The other compound in QB was quercetin. Studies on phytoestrogens about bone health in postmenopausal women and prostate health in men have shown promising results. Quercetin significantly inhibited TNF-α production and gene expression in a dose-dependent manner [67]. Also, it significantly attenuates LPS-induced production of TNF-α and IL-1β in macrophages. It also causes a significant reduction in the phosphorylation and degradation of inhibitor of κBα and decreasing the nuclear level of nuclear factor-κB (NF-κB) and NF-κB binding activity [68].
Khavandi et al. investigated the effect of QB in a murine model of colitis induced in rats. They concluded that Quercus brantii induced antioxidants especially via inhibition of inflammatory cytokines such as TNF-α, IL-1β, and MPO. This might relate to a high amount of total phenols (88.43 ± 7.23/100 g of sample) and free gallic acid (3.74% of dry weight) [27]. Recently, Castejón et al. showed that Quercus ilex improves TNBS-induced colitis via MAPKs/NF-κB inhibition and Nrf2/HO-1 activation signaling pathways. This in return results in reducing the production of Th1 proinflammatory cytokines and COX-2 and iNOS overexpression [69].

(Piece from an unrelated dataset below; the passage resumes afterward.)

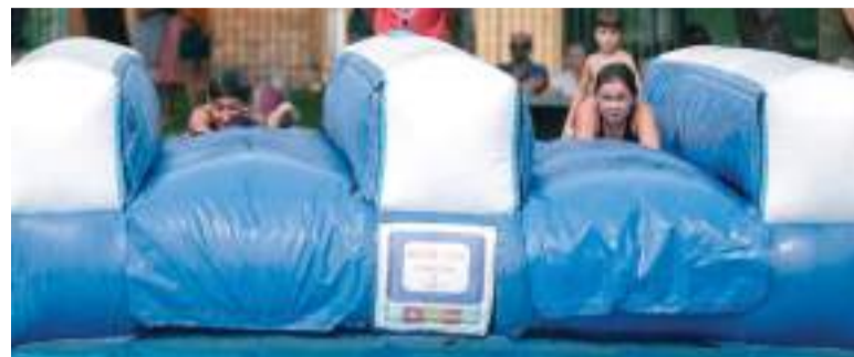
Dia de xiquets amb activitats aquàtiques

Considering that the increase in two oxidative enzymes, namely, MAO and MBA, correlates with high inflammation and their reduction with improved symptoms and inflammation, it can be stated that QB extract had antioxidant effects in this study. Histological pieces of evidence indicated a significant improvement in the microscopic features, crypt architecture, and colon edema in rats treated with the mentioned extract which highlights the healing effect of QB in UC. QB extract consumption also resulted in minor bodyweight loss in the treated group compared with the control groups. Also, acute inflammatory cell infiltration and the thickening of lamina propria were diminished. Regarding the biological evaluations of QB extract as a natural product on UC and various diverse effects of sulphasalazine discussed above, it can be seen that 400 mg QC rectally has even good potency compared to that of sulphasalazine. However, merit studies are required to clarify the pharmacological properties and mechanisms of QB and phenolic compounds in QB extract.
5. Conclusion
Quercus brantii medicinal plant extract showed high TNF-a, IL-6, and NO inhibitory activity, indicating that the bioactive compounds present in the extract have the potential to reduce inflammation. It has shown significant lowering activity of MAO and MBA. This result suggested the promising healing stimulatory and anti-inflammatory properties as well as antioxidant effects of QB which make it an appropriate agent for the treatment of UC. Further studies are required to evaluate its other beneficial properties and confirm its clinical effectiveness in humans.
Acknowledgments
The animals were purchased from the Laboratory Animal Center of SUMS. A taxonomist authenticated the drugs at Shiraz University of Medical Sciences (SUMS) pharmacy school. This research was supported financially by Shiraz University of Medical Sciences. The Vice-Chancellor for Research at Shiraz University of Medical Sciences funded this study (Grant no. 91.01.36.4560).
Contributor Information
Shayan Mehrvarzi, Email: shayanmehrvarz@yahoo.com.
Aida Iraji, Email: aida.iraji@gmail.com.
Data Availability
The datasets used and analyzed during the current study are available from the corresponding author on reasonable request. We have presented all data in the form of tables and figures.
Ethical Approval
The study was approved by the Local Ethics Committee at Shiraz University of Medical Sciences.
Disclosure
These agencies were not involved in the design of the study and collection, analysis, and interpretation of data as well as in writing the manuscript. Study design, analysis, interpretation, and presentation of results were not influenced by the funding sources.
Conflicts of Interest
The authors declare that they have no conflicts of interest.
References
- 1.Bhatia R., Yeoh S. W., Vaz K., et al. Inflammatory bowel disease incidence, prevalence and 12‐month initial disease course in Tasmania, Australia. Internal Medicine Journal. 2019;49(5):622–630. doi: 10.1111/imj.14111. [DOI] [PubMed] [Google Scholar]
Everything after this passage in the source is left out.